New Dinosaur Species Discovered In Madagascar, Called The 'Lonely Bandit'

By Matthew Dougherty , Apr 19, 2013 02:54 PM EDT

A new dinosaur has been discovered in Madagascar that scientists are referring to as the “lonely small bandit.”

Officially called Dahalokely tokana (which means lonely small bandit), the fossils were found in northern Madagascar near the city of Antsiranana.

The dinosaur likely roamed the Madagascar-India landmass 90 million years ago, before the continent slammed into Asia and Madagascar broke off and went down to southern Africa.

"This dinosaur was closely related to other famous dinosaurs from the southern continents, like the horned Carnotaurus from Argentina and Majungasaurus, also from Madagascar," member of the discovery team Joe Sertich said.

Its location on the separated part of the continent makes it possible that the dinosaur could be an ancestor to later species in the Madagascar area.

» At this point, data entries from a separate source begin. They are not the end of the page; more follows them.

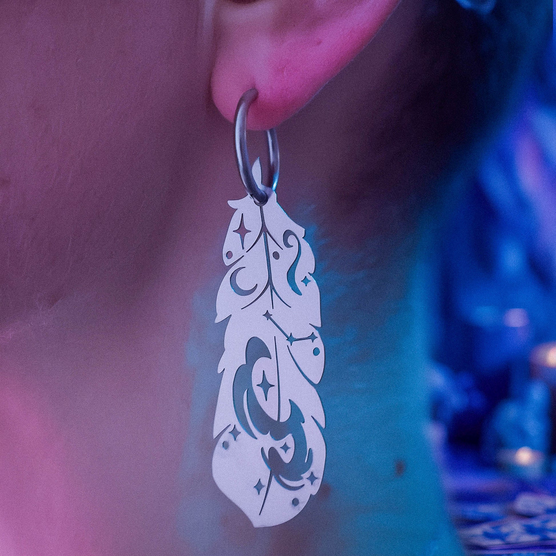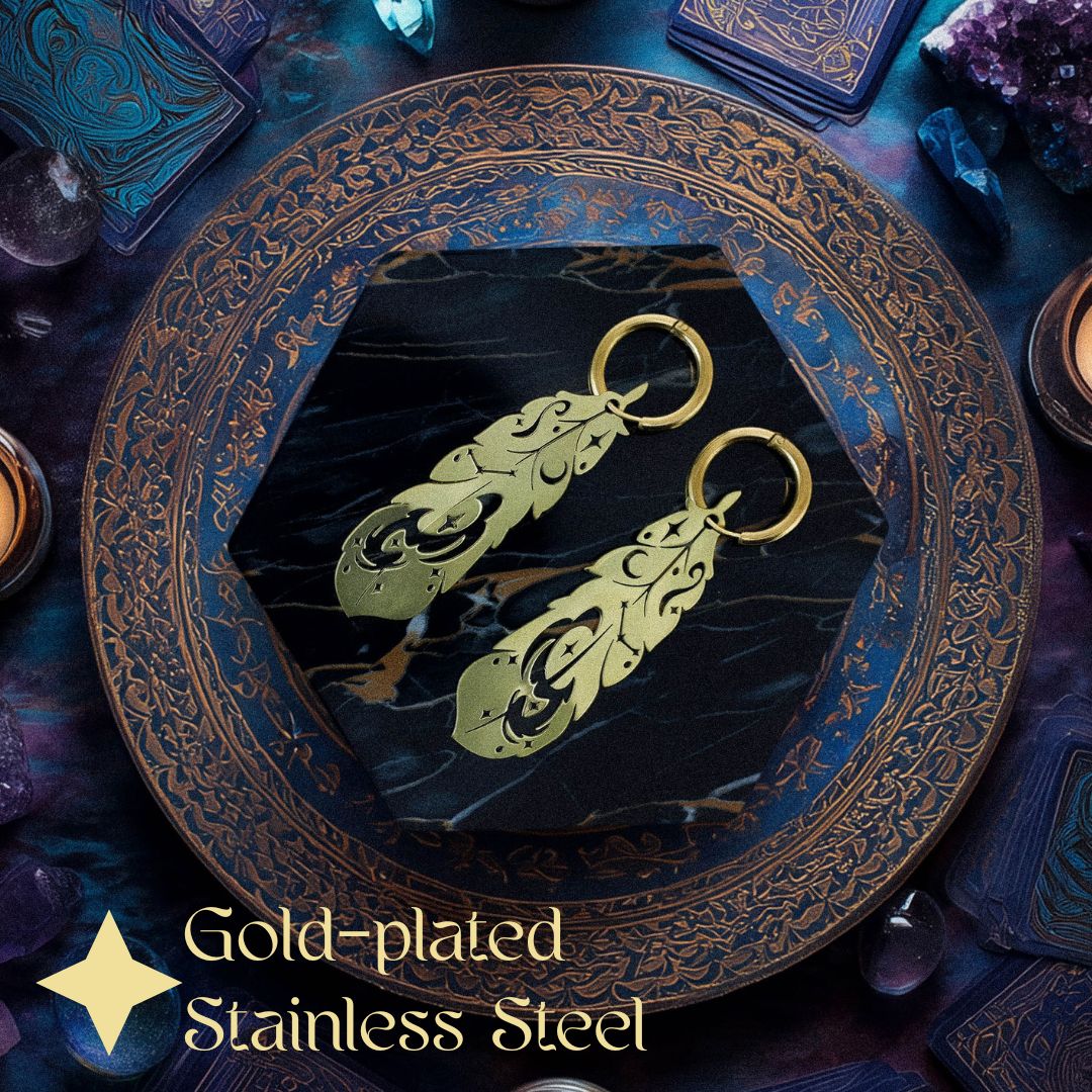 Our metal feather earrings are made with care and precision from laser-cut gold-plated stainless steel or laser-cut 304 stainless steel. They are balanced on hypoallergenic thick gold-plated surgical stainless steel hoops - great for sensitive ears.
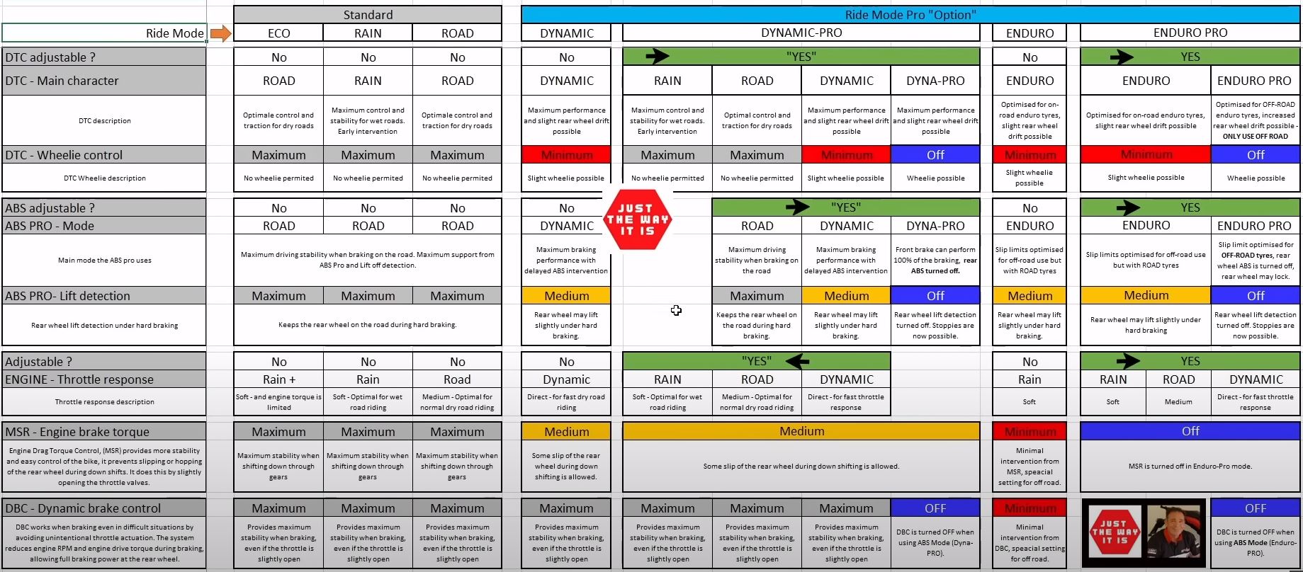 ich fahre mit Fahrmodi Pro und eingebautem Codierstecker. Damit stehen mir zur Auswahl Rain, Road, Dynamic Pro und Enduro Pro.
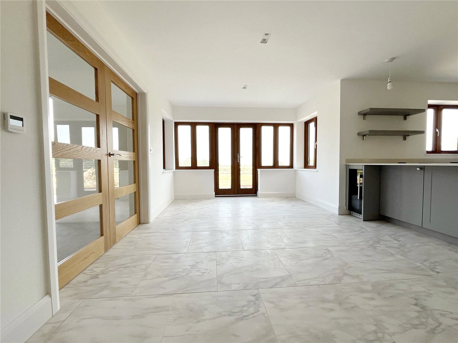 LUXURIOUS OPEN PLAN KITCHEN / BREAKFAST ROOM / DINING ROOM: A triple aspect area, with an impressive modern and elegant Shaker Styled kitchen with integrated appliances and attractive stone worktops, double-glazed windows enjoying stunning far reaching rural views and over the rear gardens, with further double-glazed doors to the rear garden and sun terrace also. Open plan dining room also with tiled floors and enjoying wonderful far-reaching views, Door leading to adjoining Utility room and further double doors leading off also to the triple aspect sitting room.
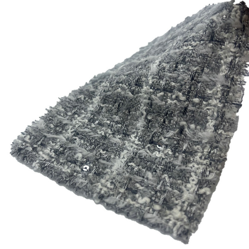 Dette stoffet, betegnet som artikkel 23503, er et tweed-tekstil som består av 49 % akryl, 40 % polyester, 7 % ull og 4 % nylon. Med en masse per arealenhet på 335 gsm presenterer den en lett, men strukturert konstruksjon. Overflaten har et fint grått rutemønster, oppnådd gjennom en pregeprosess som skaper en subtil forhøyet tekstur på stoffet. Denne teknikken forbedrer den visuelle dybden til plaiden uten å endre den vevde basen. Multifiberblandingen kombinerer stabiliteten til polyester, spensten til akryl, naturlig touch av ull og holdbarheten til nylon. Disse egenskapene gjør stoffet egnet for dameplagg der det kreves detaljert mønster og taktil interesse.
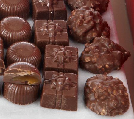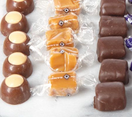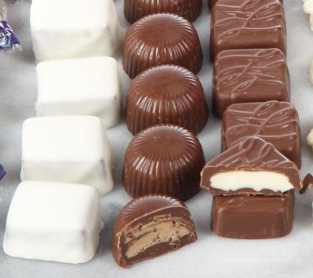 Filling up the main hatbox are 3 lbs of chocolates in ten different yummy varieties. In the middle hatbox are 2 lbs of caramels, including four different mouthwatering flavors. And, topping the selection is one full lb of peanut butter buckeyes. Gift packaged and finished with a bow, the assortment is ready for presenting to the one you love. From Harry London.

According to Andrew Farke of the Raymond M. Alf Museum of Paleontology in Claremont, Calif., Dahalokely tokana was a carnivore that stood on two legs and was roughly the size of a cow. It was between nine and 14 feet long.

Farke explained that this new discovery helps diminish what was formerly a 95-million-year gap in the fossil record. Dahalokely tokana shortens that by 20 million years. It also clears up a theory that scientists had about dinosaurs on Madagascar.

"We had always suspected that abelisauroids were in Madagascar 90 million years ago, because they were also found in younger rocks on the island," Farke said. "But the fossils of Dahalokely are tantalizingly incomplete — there is so much more we want to know. Was Dahalokely closely related to later abelisauroids on Madagascar, or did it die out without descendents?"

Abelisauroids lived in the Cretaceous period, with fossils being discovered not only in Madagascar, but other parts of Africa, South America and India.

Dahalokely tokana was excavated back in 2007 and 2010. Ribs and vertebrae were recovered, with scientists noting the uniqueness of cavities on the sides of the vertebrae. These were unlike that of any other dinosaur discovered yet, according to the museum.

The project was financed by the Jurassic Foundation, Sigma Xi, National Science Foundation and the Raymond M. Alf Museum of Paleontology.

Jurassic Park 4 just had some potential new material handed to it.